» **Work instructions**
With the material below, print exactly the lines between the line holding "太原郇城归正教会许翠丽因在2" and the line holding "讓我們一起到青山壩村第一書記", inclusive. Add nothing else.

» **Data**
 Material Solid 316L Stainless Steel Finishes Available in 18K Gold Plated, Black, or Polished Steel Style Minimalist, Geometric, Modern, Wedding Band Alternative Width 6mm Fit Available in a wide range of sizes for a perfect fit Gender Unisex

...

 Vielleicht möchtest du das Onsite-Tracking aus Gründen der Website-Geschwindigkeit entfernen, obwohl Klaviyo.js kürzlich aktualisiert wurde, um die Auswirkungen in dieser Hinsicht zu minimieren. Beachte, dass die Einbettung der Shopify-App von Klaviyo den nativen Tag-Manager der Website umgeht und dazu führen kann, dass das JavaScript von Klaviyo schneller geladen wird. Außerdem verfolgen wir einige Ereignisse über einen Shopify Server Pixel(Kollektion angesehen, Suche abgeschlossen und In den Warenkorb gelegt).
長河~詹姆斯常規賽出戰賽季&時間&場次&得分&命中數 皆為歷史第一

--

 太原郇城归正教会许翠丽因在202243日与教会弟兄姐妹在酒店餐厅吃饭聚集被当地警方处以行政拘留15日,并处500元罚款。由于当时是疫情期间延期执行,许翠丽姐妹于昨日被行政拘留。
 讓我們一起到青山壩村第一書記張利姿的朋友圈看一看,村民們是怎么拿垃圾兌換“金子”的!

» **Output**
 太原郇城归正教会许翠丽因在202243日与教会弟兄姐妹在酒店餐厅吃饭聚集被当地警方处以行政拘留15日,并处500元罚款。由于当时是疫情期间延期执行,许翠丽姐妹于昨日被行政拘留。
 讓我們一起到青山壩村第一書記張利姿的朋友圈看一看,村民們是怎么拿垃圾兌換“金子”的!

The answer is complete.